_Exercise prompt_: Exactly the lines from the one holding "Футляр для очков" through the end of the material below must be printed, nothing more, and the pictures must be dropped.

_Source data_:
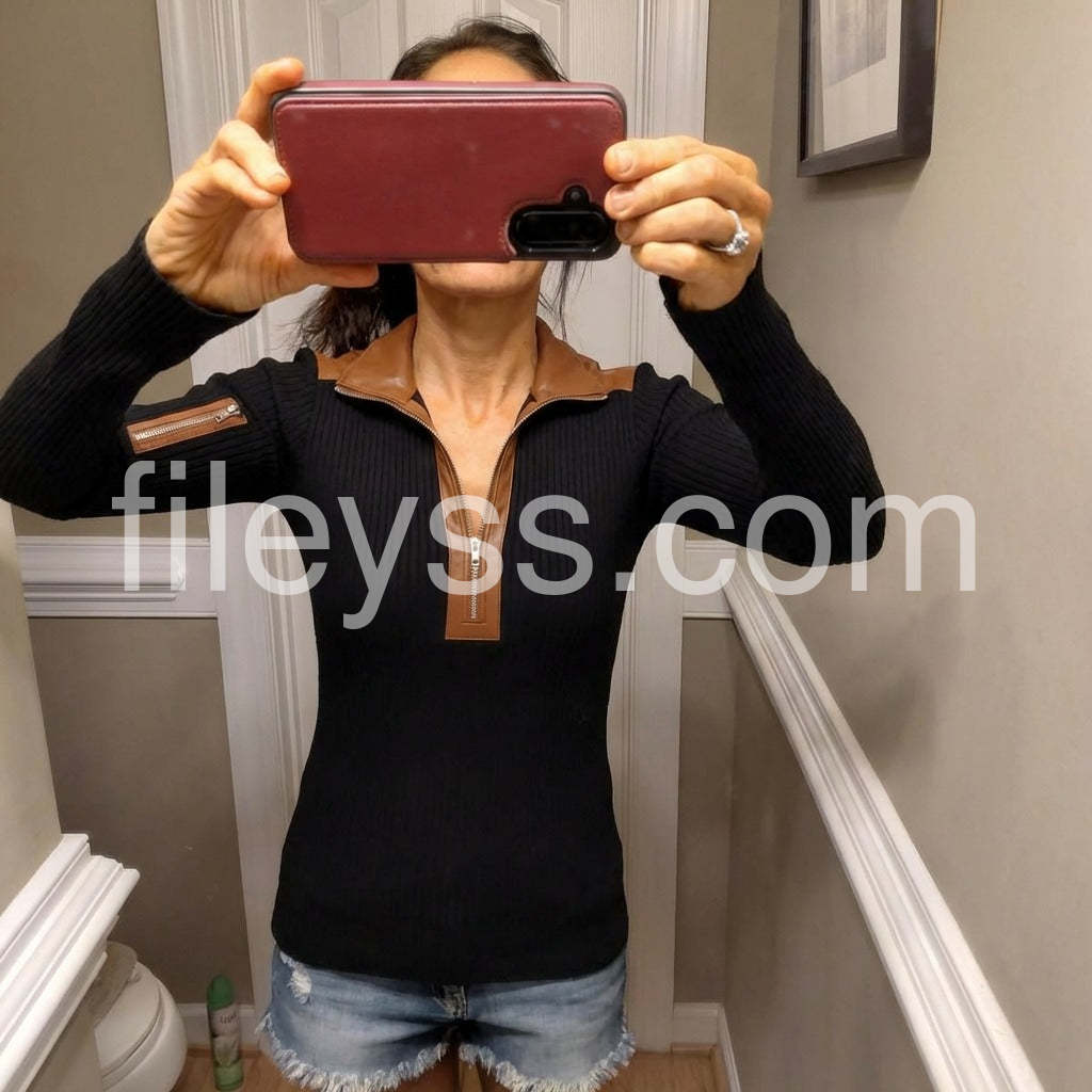 Chic Black Half Zip Long Sleeve Top
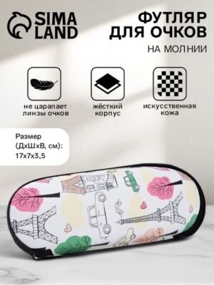 Футляр для очков на молнии «Весенний Париж», длина 17 см, белый
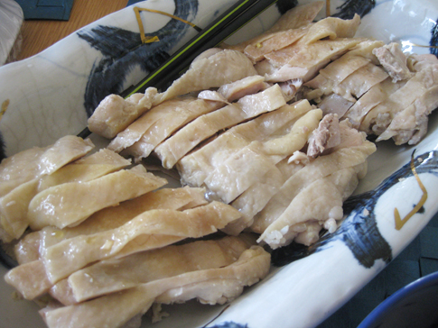 - 氷水に鶏肉を入れて一気に冷やす(これが鶏肉をしっとりさせるらしい。)
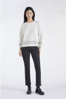 Pull large à col rond, chaud et enveloppant, en fil mélangé angora et lurex. Décorations multicolores dans le bas et aux poignets
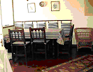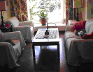 möbliert mit einer Polstermöbel- und einer Esstisch-Garnitur.
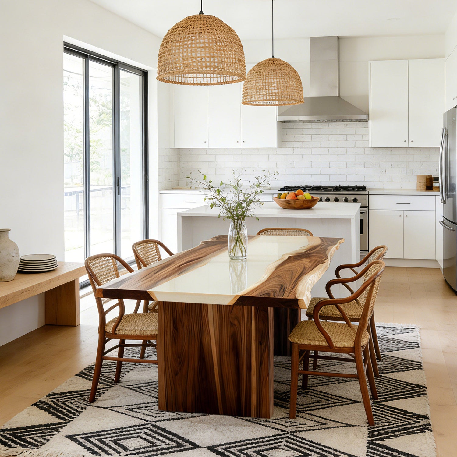 The Elite Walnut White Epoxy Resin Dining Table is handcrafted from solid walnut wood and soft white epoxy resin, creating a refined balance between natural warmth and modern simplicity.
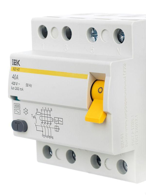 Выключатель дифференциального тока (УЗО) 4п 40А 300мА тип AC ВД1-63 KARAT IEK MDV10-4-040-300 фото в каталоге от BTSprom.by
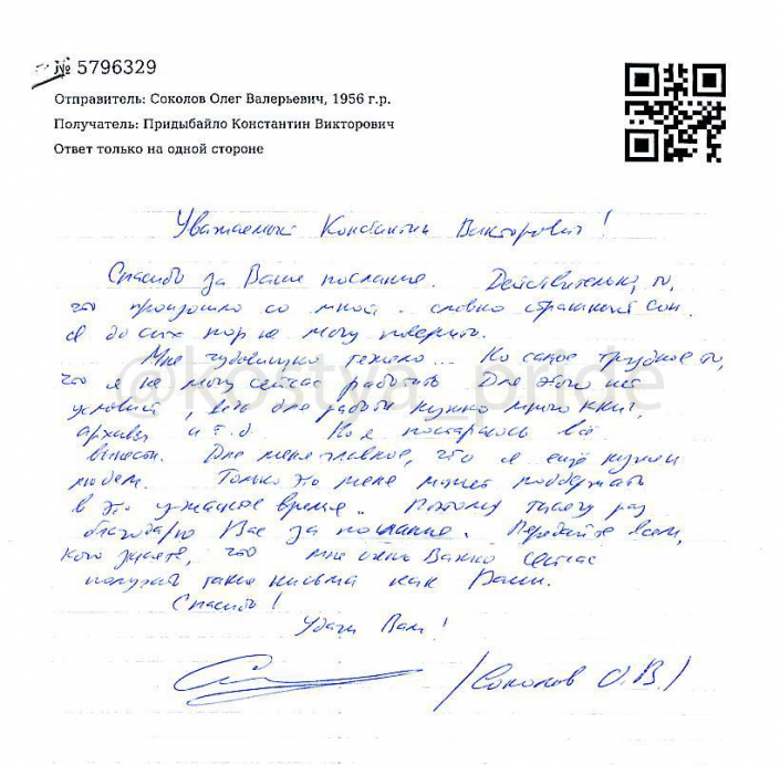 Ранее текст письма опубликовал в Facebook журналист Константин Придыбайло.
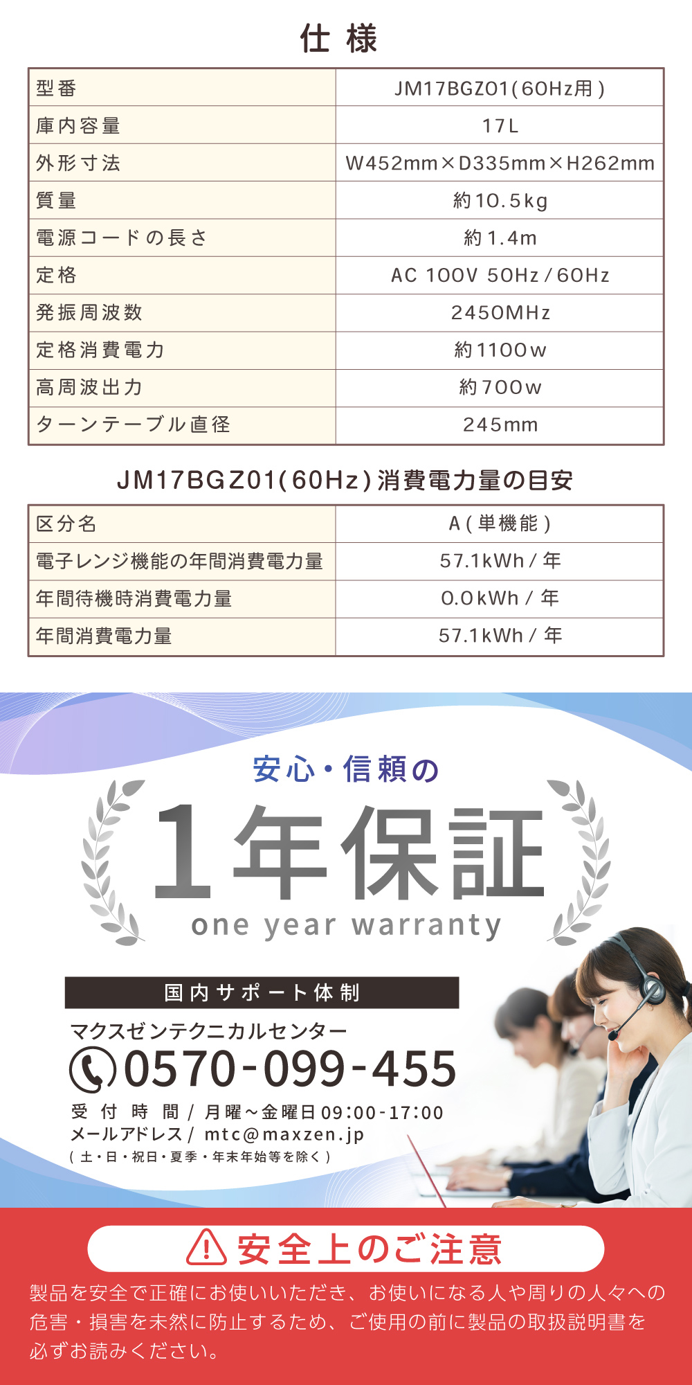 【アウトレット】 MAXZEN JM17BGZ01 60hz (西日本地域用) [単機能電子レンジ (17L)]
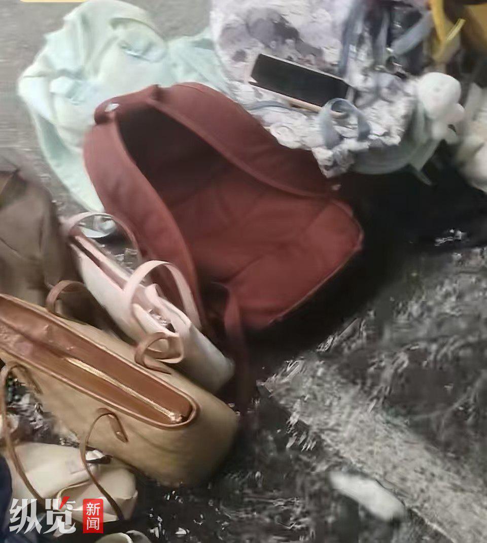 考生背包等物品放置在存放点地上被雨水冲刷、浸泡。(来源 / 视频截图)
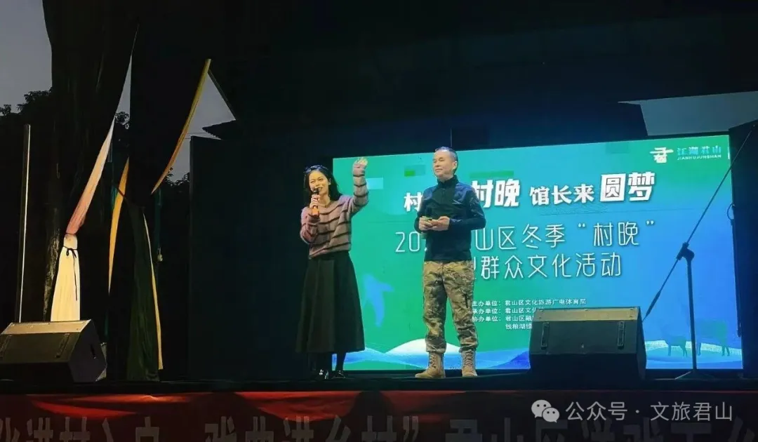 初冬微寒,文家灣村的夜晚卻熱氣升騰。11月30日晚,“村民導(dǎo)村晚·館長(zhǎng)來(lái)圓夢(mèng)”2025君山區(qū)冬季“村晚”大型群眾文化活動(dòng)在這里歡樂(lè)上演。整場(chǎng)晚會(huì)由村民自編自導(dǎo),文化館長(zhǎng)專業(yè)指導(dǎo),村支書親自主持,退伍老兵傾情助演,共同繪就了一幅文旅融合與鄉(xiāng)村振興的動(dòng)人畫卷。
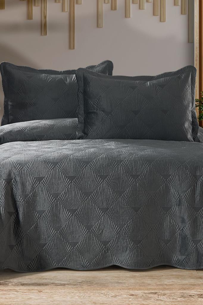 Arzen Nakışlı Kadife Çift Kişilik Yatak Örtüsü 250x260 Antrasit
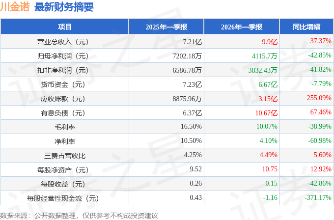 据证券之星公开数据整理,近期川金诺(300505)发布2026年一季报。根据财报显示,川金诺增收不增利。截至本报告期末,公司营业总收入9.9亿元,同比上升37.37%,归母净利润4115.7万元,同比下降42.85%。按单季度数据看,第一季度营业总收入9.9亿元,同比上升37.37%,第一季度归母净利润4115.7万元,同比下降42.85%。

_Exercise answer_:
 Футляр для очков на молнии «Весенний Париж», длина 17 см, белый
 - 氷水に鶏肉を入れて一気に冷やす(これが鶏肉をしっとりさせるらしい。)
 Pull large à col rond, chaud et enveloppant, en fil mélangé angora et lurex. Décorations multicolores dans le bas et aux poignets
 möbliert mit einer Polstermöbel- und einer Esstisch-Garnitur.
 The Elite Walnut White Epoxy Resin Dining Table is handcrafted from solid walnut wood and soft white epoxy resin, creating a refined balance between natural warmth and modern simplicity.
 Выключатель дифференциального тока (УЗО) 4п 40А 300мА тип AC ВД1-63 KARAT IEK MDV10-4-040-300 фото в каталоге от BTSprom.by
 Ранее текст письма опубликовал в Facebook журналист Константин Придыбайло.
 【アウトレット】 MAXZEN JM17BGZ01 60hz (西日本地域用) [単機能電子レンジ (17L)]
 考生背包等物品放置在存放点地上被雨水冲刷、浸泡。(来源 / 视频截图)
 初冬微寒,文家灣村的夜晚卻熱氣升騰。11月30日晚,“村民導(dǎo)村晚·館長(zhǎng)來(lái)圓夢(mèng)”2025君山區(qū)冬季“村晚”大型群眾文化活動(dòng)在這里歡樂(lè)上演。整場(chǎng)晚會(huì)由村民自編自導(dǎo),文化館長(zhǎng)專業(yè)指導(dǎo),村支書親自主持,退伍老兵傾情助演,共同繪就了一幅文旅融合與鄉(xiāng)村振興的動(dòng)人畫卷。
 Arzen Nakışlı Kadife Çift Kişilik Yatak Örtüsü 250x260 Antrasit
 据证券之星公开数据整理,近期川金诺(300505)发布2026年一季报。根据财报显示,川金诺增收不增利。截至本报告期末,公司营业总收入9.9亿元,同比上升37.37%,归母净利润4115.7万元,同比下降42.85%。按单季度数据看,第一季度营业总收入9.9亿元,同比上升37.37%,第一季度归母净利润4115.7万元,同比下降42.85%。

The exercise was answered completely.